I guess for about a few years our sex relationship hasn't been the
greats. I have tried to talk to her about it. Lately, it seems to
me that when we have sex there is no lust or passion on her part.
Meaning, she just has sex with me so I will not complain about
having no sex for a while. Today, I told her how I feel and that
it was hurting our sex relationship. I asked her again what is
going on and she stated to me a couple of things that happened to
her when she was 7 years old.
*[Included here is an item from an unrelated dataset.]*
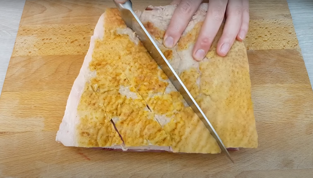 W pierwszej kolejności przygotuj odpowiednio boczek do marynowania. Możesz odkroić skórę lub ponacinać ją w kratkę. Nagrzej piekarnik do 180 stopni.
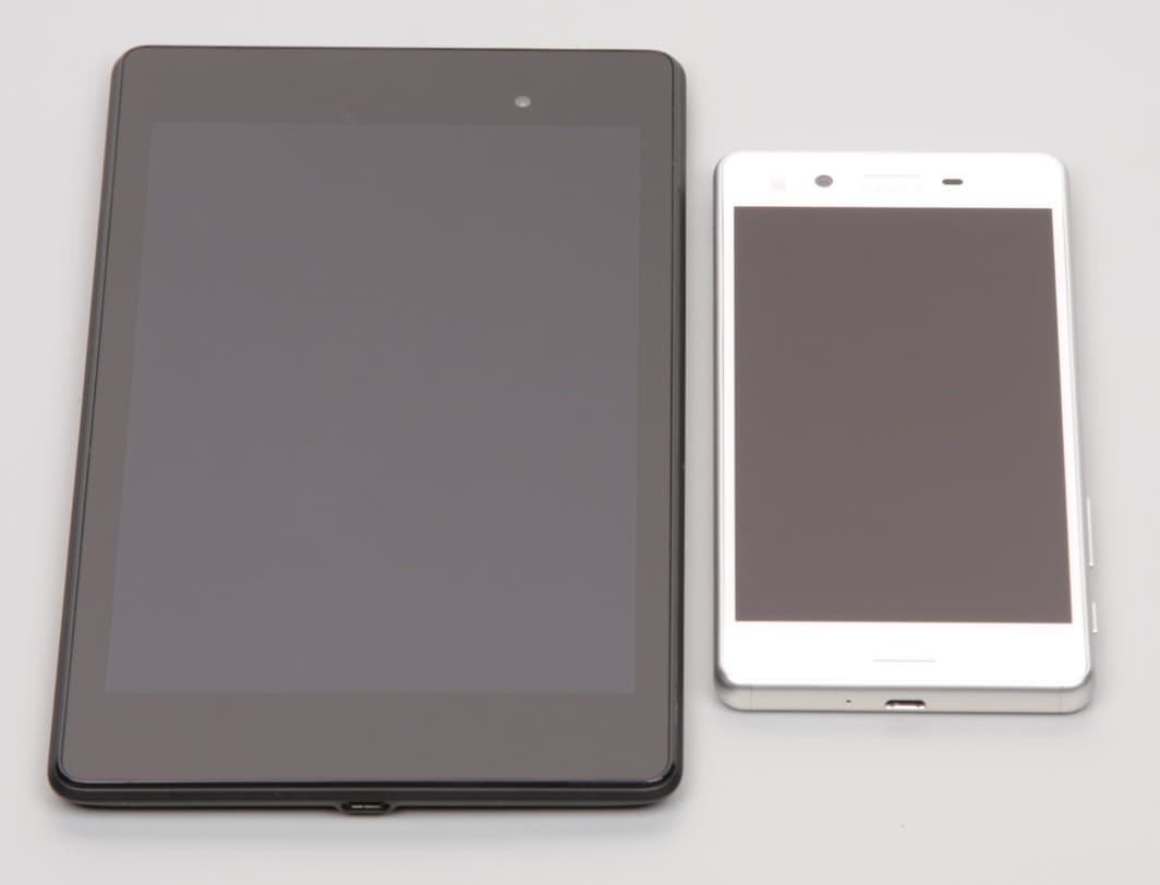 Лицевая поверхность экрана выполнена в виде стеклянной пластины с зеркально-гладкой поверхностью, устойчивой к появлению царапин. Судя по отражению объектов антибликовые свойства экрана лучше, чем у экрана Google Nexus 7 (2013) (далее просто Nexus 7). Для наглядности приведем фотографию, на которой в выключенных экранах обоих устройств отражается белая поверхность (Sony Xperia X Performance, как нетрудно определить, справа, далее их можно различать по размеру):

She also told me that she is
embarrassed to do sexual things to me, where at the beginning of
our relationship, it wasn't a problem. After doing some exploring
on the Internet, I think she has something called ISD (Inhibited
Sexual Desire). I believe she needs a sex therapist but in our
area there is no ABS Board Certified Sex Therapist. If you could
give me some information or help, please let me know. Thank you.
New Mexico area.
You
bring up a particularly difficult issue. I am guessing but from
what you present it appears that she has experienced childhood
sexual trauma. This will need to be dealt with before any movement
could occur in your sex life with her. I am not saying that this
is all her. You have involvement here also. One thing that needs
to happen immediately is that she should stop doing what she does
not want to do. Sex is about expression of feelings, and if
any person is simply "going along" they are not expressing
feelings and the desire to continue will cease. I hear that there
are no sex therapists in your area, yet in the case that you
describe, her dealing with the early sexual trauma first is
essential.
- Answer provided by Michael Gonzales, Ph.D.,
mfgonzal@speakeasy.net,
www.upasoc.com.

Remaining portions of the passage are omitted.